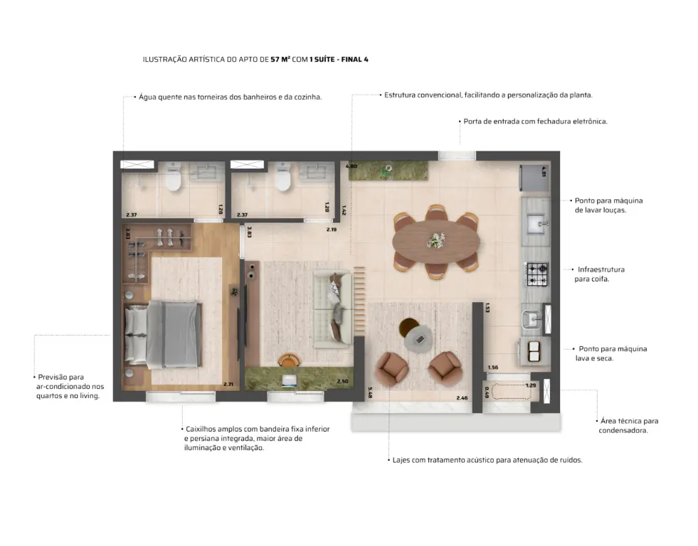 57 m2..2 dormitórios..1 suite. 1 vaga
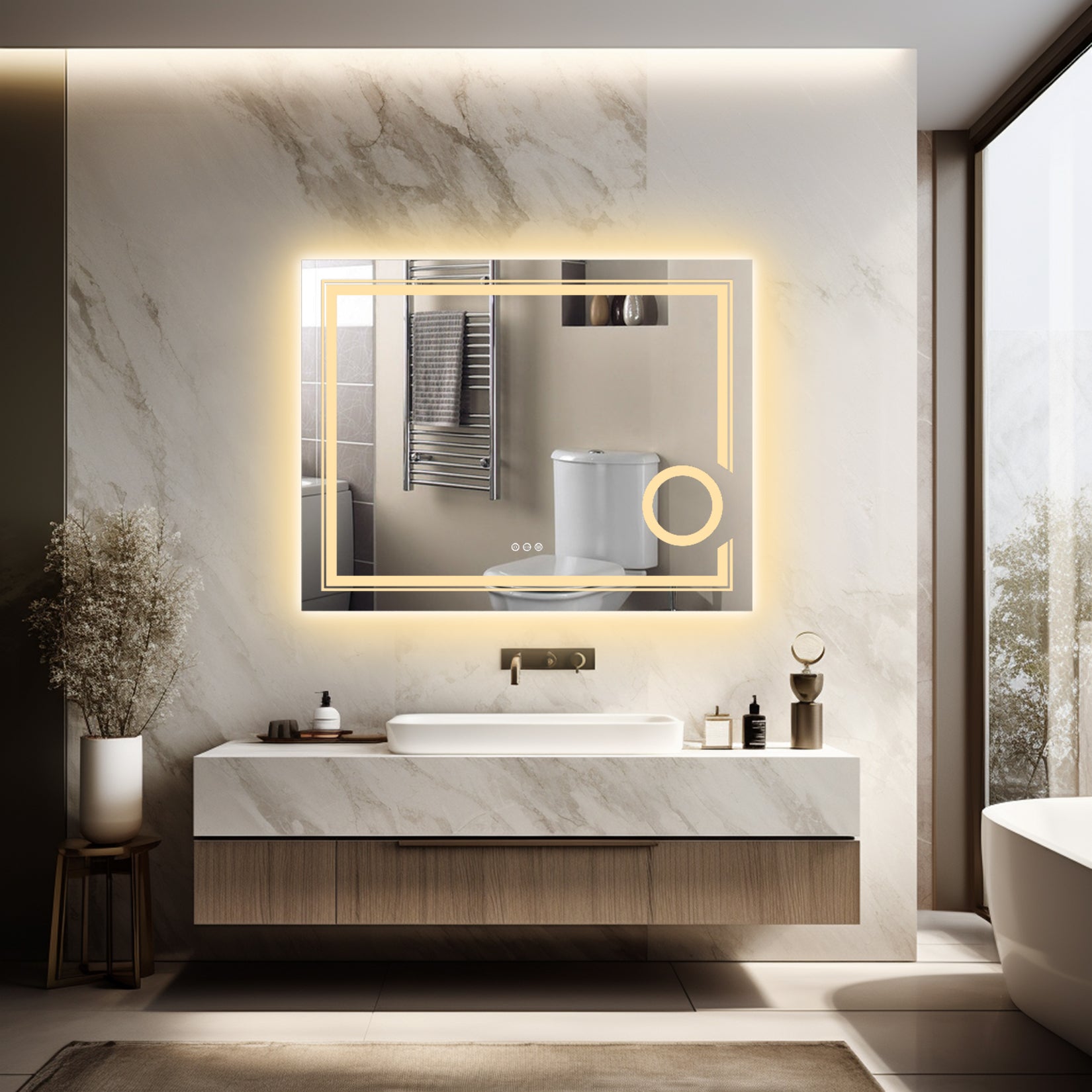 LUVODI LED Bathroom Mirror 3X Magnifier Dimmable Front Light + Backlit Defogging , Memory Function
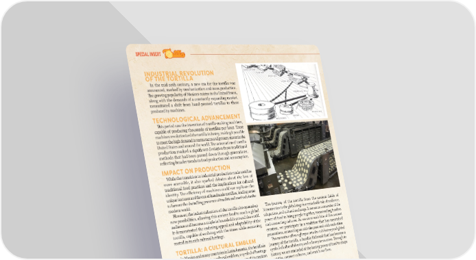 special insert INDUSTRIAL REVOLUTION OF THE TORTILLA In the mid-20th century, a new era for the tortilla was announced, marked by mechanization and mass production. 吀栀e growing popularity of Mexican cuisine in the United States, along with the demands of a constantly expanding market, necessitated a shift from hand-pressed tortillas to those produced by machines. TECHNOLOGICAL ADVANCEMENT 吀栀is period saw the invention of tortilla-making machines, capable of producing thousands of tortillas per hour. 吀栀ese machines revolutionized the tortilla industry, making it possible to meet the high demand in restaurants and grocery stores in the United States and around the world. 吀栀e automation of tortilla production marked a signi昀椀cant deviation from traditional methods that had been passed down through generations, re昀氀ecting broader trends in food production and consumption. IMPACT ON PRODUCTION While the transition to industrial production made tortillas more accessible, it also sparked debates about the loss of traditional food practices and the implications for cultural identity. 吀栀e e昀케ciency of machines could not replicate the unique textures and 昀氀avors of handmade tortillas, leading some to lament the dwindling presence of traditional methods in the modern world. However, the industrialization of the tortilla also opened up The journey of the tortilla from the ancient fields of new possibilities, allowing this ancient food to reach a global Mesoamerica to the global stage is a remarkable tale of resilience, audience and become a staple in households around the world. adaptation, and cultural exchange. It serves as a reminder of the It demonstrated the enduring appeal and adaptability of the power of food to bring people together, transcending borders tortilla, capable of evolving with the times while remaining and connecting cultures. As we savor each bite of this ancient rooted in its rich cultural heritage. creation, we participate in a tradition that has nourished generations, connecting us with the past and with each other. TORTILLA: A CULTURAL EMBLEM 吀栀is narrative o昀昀ers a glimpse into the rich history and global In Mexico and many countries in Latin America, the tortilla is journey of the tortilla, a humble 昀氀atbread that has become a more than just food; it is a cultural emblem, a symbol of heritage symbol of cultural identity and culinary innovation. 吀栀rough its and home. Its simple ingredients and the process of its creation history, we are reminded of the lasting power of food to shape tell a story of resilience, community, and innovation. societies, connect cultures, and enrich our lives. MORE THAN FOOD The importance of the tortilla extends far beyond its nutritional value. It embodies the spirit of Mexican cuisine, known for its rich 昀氀avors, diverse ingredients, and deep cultural roots. Whether served alongside a hearty stew, wrapped around succulent meats, or simply enjoyed with a dollop of salsa, the tortilla remains a fundamental part of Mexican culinary tradition. CONTEMPORARY CELEBRATIONS Today, the tortilla continues to be celebrated in its many forms, from the traditional corn tortilla, redolent with the 昀氀avor of nixtamalized corn, to the soft and 昀氀exible 昀氀our tortilla. It is a testament to the versatility of the tortilla that it can be found at the heart of so many dishes, from tacos and burritos to enchiladas and beyond. 1144 MMAAYY//JJUUNNE 2E 20 02244 - - A ABBA ASSTTOO..CCOOMM

# # # # #

What is needed is a word-for-word copy of the lines from the start of the data to the line with "LUVODI LED Bathroom", inclusive, with no pictures in it.

### Output of the task
 57 m2..2 dormitórios..1 suite. 1 vaga
 LUVODI LED Bathroom Mirror 3X Magnifier Dimmable Front Light + Backlit Defogging , Memory Function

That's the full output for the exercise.